WHAT TO PRODUCE:
Please give back the listing below word for word, without the images.

DATA EXCERPT:
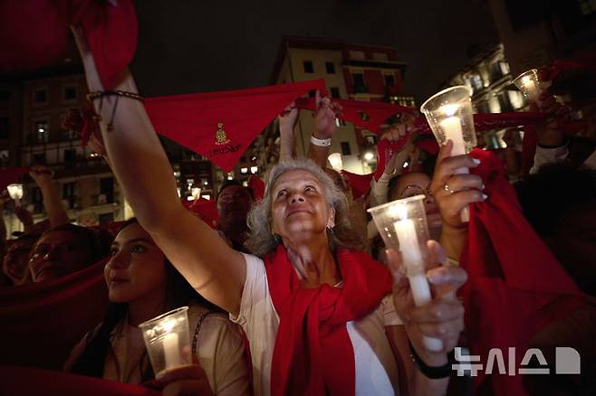 [팜플로나=AP/뉴시스] 15일(현지 시간) 스페인 북부 팜플로나에서 산 페르민 축제 마지막 날을 맞아, 참가자들이 촛불과 붉은 손수건을 들고 폐막노래 '포브레 데 미'(Pobre de Mí)를 부르며 9일간 이어진 축제를 마무리하고 있다. 2025.07.15.
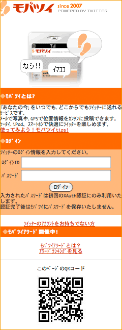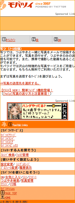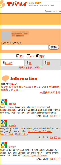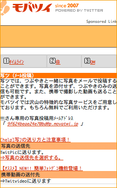 あなたのツイッター画面が表示されます。携帯のダイヤル7を押すか、「写ツ」をクリックしてください。
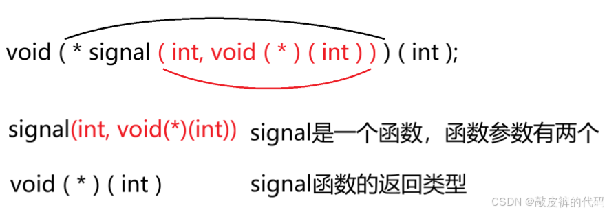 - signal函数的返回类型是void(*)(int)这种类型的函数指针,该指针指向的函数参数是int,返回类型是void

SOLUTION:
 [팜플로나=AP/뉴시스] 15일(현지 시간) 스페인 북부 팜플로나에서 산 페르민 축제 마지막 날을 맞아, 참가자들이 촛불과 붉은 손수건을 들고 폐막노래 '포브레 데 미'(Pobre de Mí)를 부르며 9일간 이어진 축제를 마무리하고 있다. 2025.07.15.
 あなたのツイッター画面が表示されます。携帯のダイヤル7を押すか、「写ツ」をクリックしてください。
 - signal函数的返回类型是void(*)(int)这种类型的函数指针,该指针指向的函数参数是int,返回类型是void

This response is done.